_Your assignment:_ In the listing below, find the line with "Ausgeschaltete Benachrichtigung für" and the line with "bronze, pour l’intérieur.", then return them and every line between them exactly, minus the pictures.

_Supplied records:_
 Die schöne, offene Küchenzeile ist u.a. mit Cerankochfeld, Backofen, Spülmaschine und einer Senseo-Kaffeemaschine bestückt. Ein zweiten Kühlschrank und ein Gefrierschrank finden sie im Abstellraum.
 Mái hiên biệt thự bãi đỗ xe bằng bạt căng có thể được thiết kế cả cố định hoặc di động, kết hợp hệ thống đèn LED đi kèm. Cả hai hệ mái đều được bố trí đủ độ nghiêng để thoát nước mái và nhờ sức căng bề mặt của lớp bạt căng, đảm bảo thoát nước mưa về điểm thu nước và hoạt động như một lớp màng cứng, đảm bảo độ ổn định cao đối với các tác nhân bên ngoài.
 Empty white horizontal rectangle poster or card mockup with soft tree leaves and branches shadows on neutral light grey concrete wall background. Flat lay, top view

...

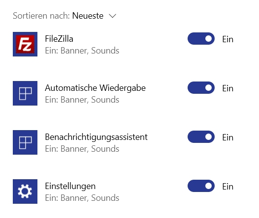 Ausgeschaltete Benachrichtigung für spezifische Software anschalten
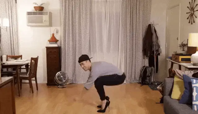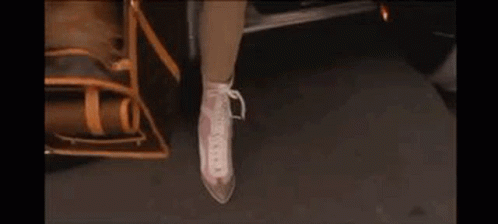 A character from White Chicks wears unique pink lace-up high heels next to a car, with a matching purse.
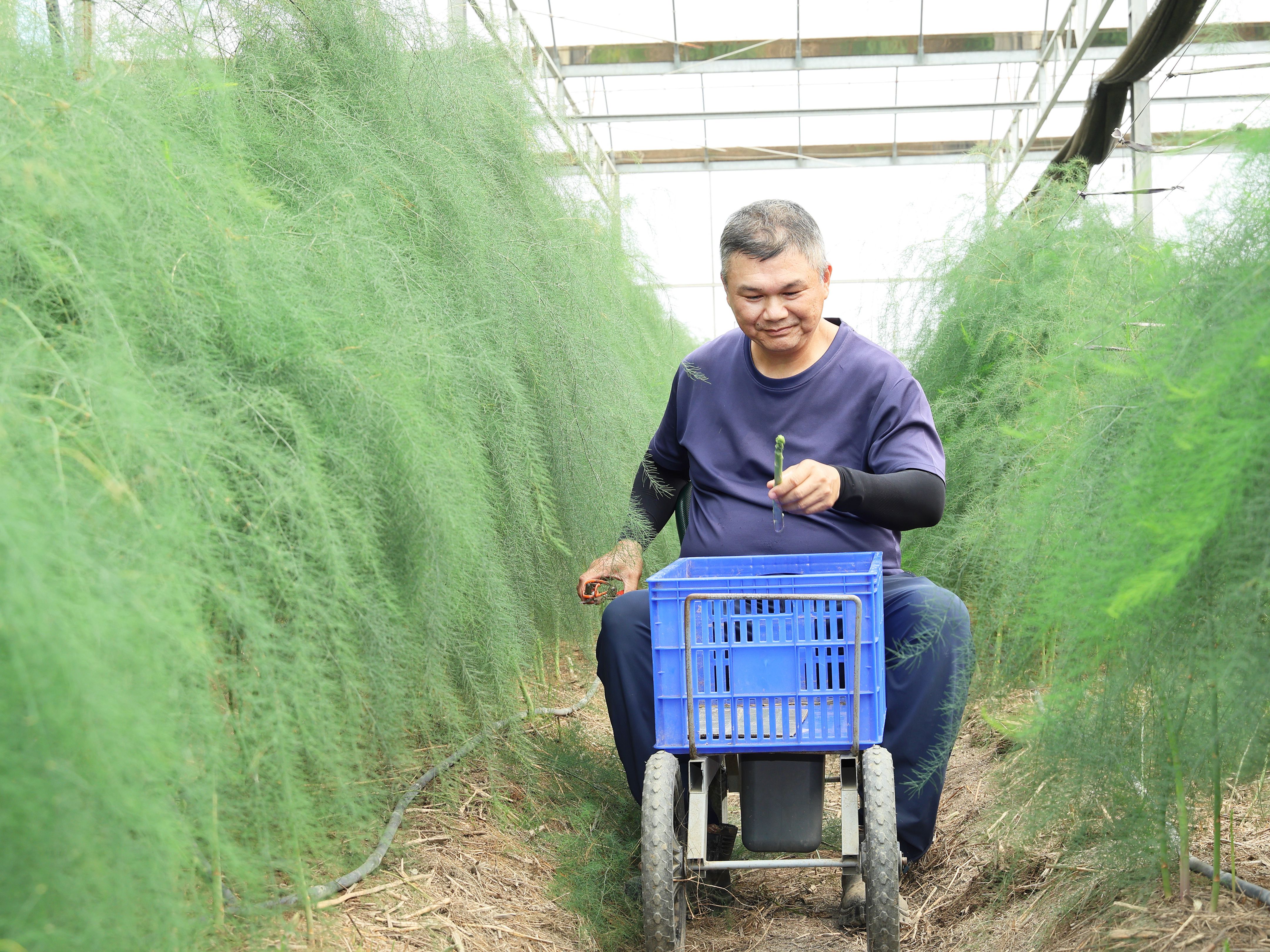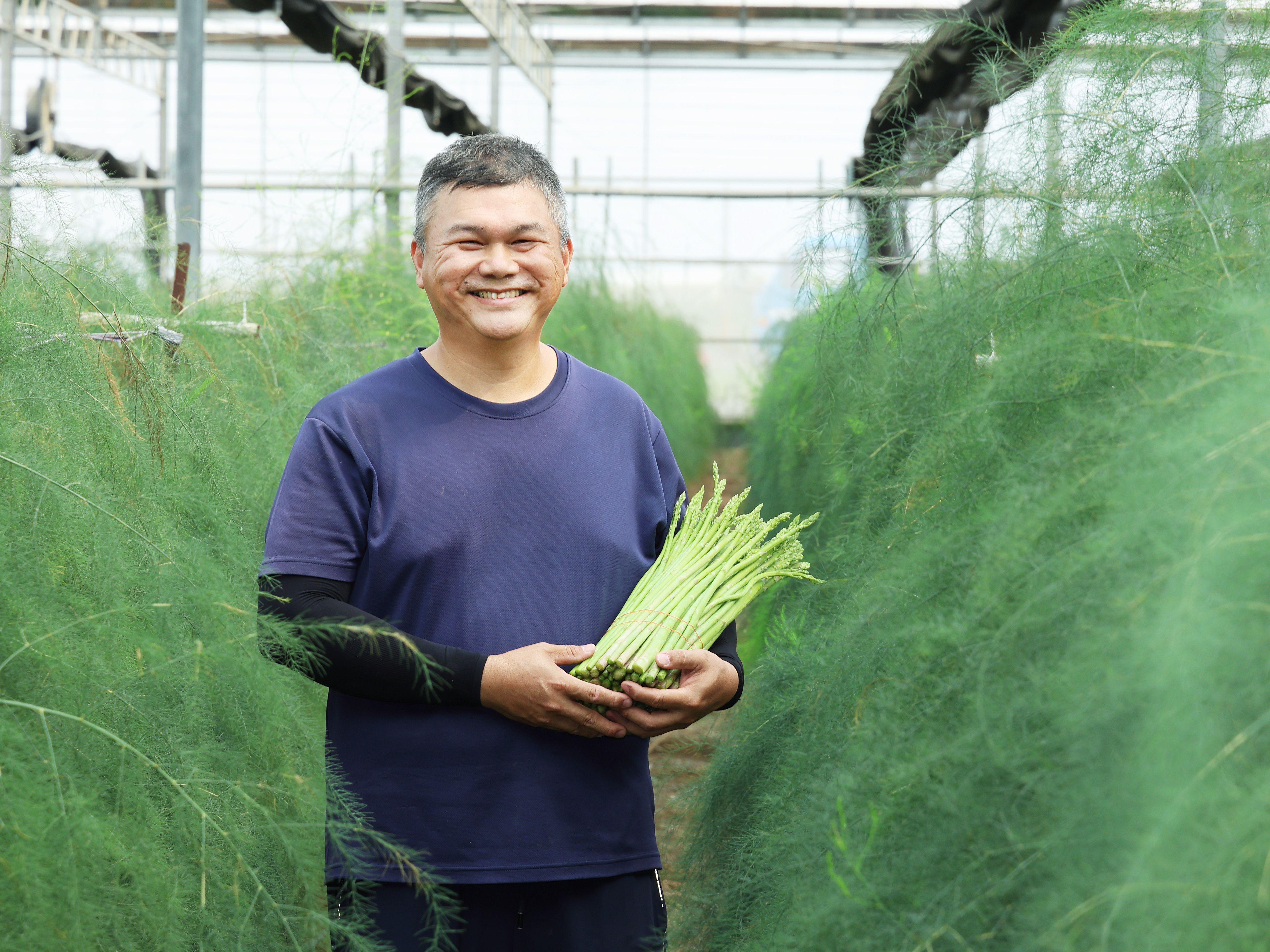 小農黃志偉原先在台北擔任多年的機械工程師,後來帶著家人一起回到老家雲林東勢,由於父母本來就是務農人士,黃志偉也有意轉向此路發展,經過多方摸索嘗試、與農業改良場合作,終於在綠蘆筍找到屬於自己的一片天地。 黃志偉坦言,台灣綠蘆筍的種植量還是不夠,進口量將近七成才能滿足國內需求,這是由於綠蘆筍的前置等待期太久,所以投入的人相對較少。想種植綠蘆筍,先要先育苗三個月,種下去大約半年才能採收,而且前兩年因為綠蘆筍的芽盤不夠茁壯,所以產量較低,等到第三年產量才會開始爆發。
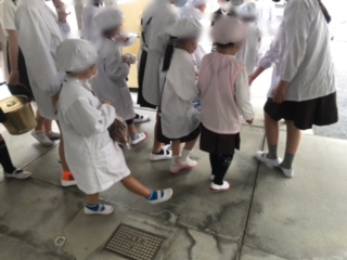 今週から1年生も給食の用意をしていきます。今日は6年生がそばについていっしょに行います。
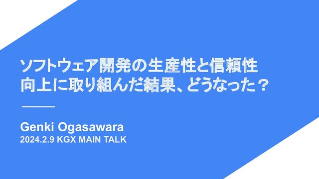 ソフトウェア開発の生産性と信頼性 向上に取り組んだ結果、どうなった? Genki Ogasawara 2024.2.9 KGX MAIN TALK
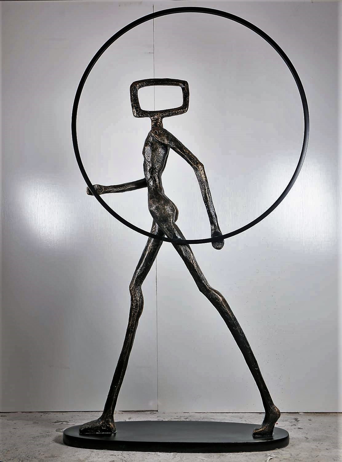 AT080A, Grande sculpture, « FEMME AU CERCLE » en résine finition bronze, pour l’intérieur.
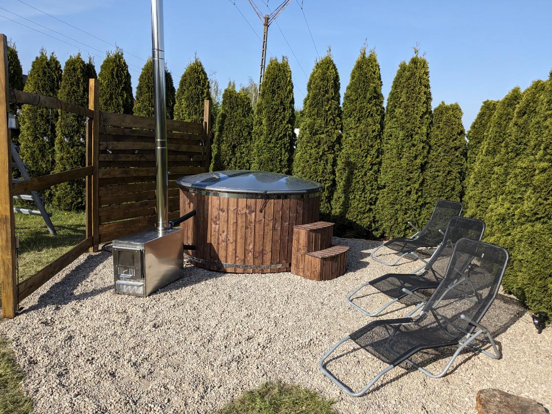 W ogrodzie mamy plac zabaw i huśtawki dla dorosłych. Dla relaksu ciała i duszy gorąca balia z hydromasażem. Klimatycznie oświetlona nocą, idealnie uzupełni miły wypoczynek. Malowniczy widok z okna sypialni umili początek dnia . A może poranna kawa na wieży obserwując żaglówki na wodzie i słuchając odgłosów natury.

...

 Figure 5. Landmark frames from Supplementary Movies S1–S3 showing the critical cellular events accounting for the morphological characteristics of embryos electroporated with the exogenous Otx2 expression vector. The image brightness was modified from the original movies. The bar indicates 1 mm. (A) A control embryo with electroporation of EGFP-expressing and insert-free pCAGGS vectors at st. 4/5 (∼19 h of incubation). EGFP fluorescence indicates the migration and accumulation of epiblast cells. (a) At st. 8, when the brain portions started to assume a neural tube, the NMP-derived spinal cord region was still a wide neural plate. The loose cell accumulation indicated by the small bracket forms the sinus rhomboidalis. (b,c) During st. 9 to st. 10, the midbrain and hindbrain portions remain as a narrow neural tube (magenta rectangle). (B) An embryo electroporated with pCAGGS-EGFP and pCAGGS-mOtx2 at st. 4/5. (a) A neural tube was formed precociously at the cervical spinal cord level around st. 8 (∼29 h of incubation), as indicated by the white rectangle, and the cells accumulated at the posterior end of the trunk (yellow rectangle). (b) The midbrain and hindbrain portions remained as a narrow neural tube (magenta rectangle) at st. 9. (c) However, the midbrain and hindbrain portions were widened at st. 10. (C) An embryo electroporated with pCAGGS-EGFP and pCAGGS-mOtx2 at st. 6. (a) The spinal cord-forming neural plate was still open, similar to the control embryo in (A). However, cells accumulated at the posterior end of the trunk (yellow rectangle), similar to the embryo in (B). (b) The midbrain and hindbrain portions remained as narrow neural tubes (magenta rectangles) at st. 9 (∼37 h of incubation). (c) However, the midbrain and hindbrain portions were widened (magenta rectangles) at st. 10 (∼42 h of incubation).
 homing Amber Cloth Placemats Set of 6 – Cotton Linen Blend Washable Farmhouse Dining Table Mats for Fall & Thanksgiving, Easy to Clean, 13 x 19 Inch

_Response:_
 Ausgeschaltete Benachrichtigung für spezifische Software anschalten
 A character from White Chicks wears unique pink lace-up high heels next to a car, with a matching purse.
 小農黃志偉原先在台北擔任多年的機械工程師,後來帶著家人一起回到老家雲林東勢,由於父母本來就是務農人士,黃志偉也有意轉向此路發展,經過多方摸索嘗試、與農業改良場合作,終於在綠蘆筍找到屬於自己的一片天地。 黃志偉坦言,台灣綠蘆筍的種植量還是不夠,進口量將近七成才能滿足國內需求,這是由於綠蘆筍的前置等待期太久,所以投入的人相對較少。想種植綠蘆筍,先要先育苗三個月,種下去大約半年才能採收,而且前兩年因為綠蘆筍的芽盤不夠茁壯,所以產量較低,等到第三年產量才會開始爆發。
 今週から1年生も給食の用意をしていきます。今日は6年生がそばについていっしょに行います。
 ソフトウェア開発の生産性と信頼性 向上に取り組んだ結果、どうなった? Genki Ogasawara 2024.2.9 KGX MAIN TALK
 AT080A, Grande sculpture, « FEMME AU CERCLE » en résine finition bronze, pour l’intérieur.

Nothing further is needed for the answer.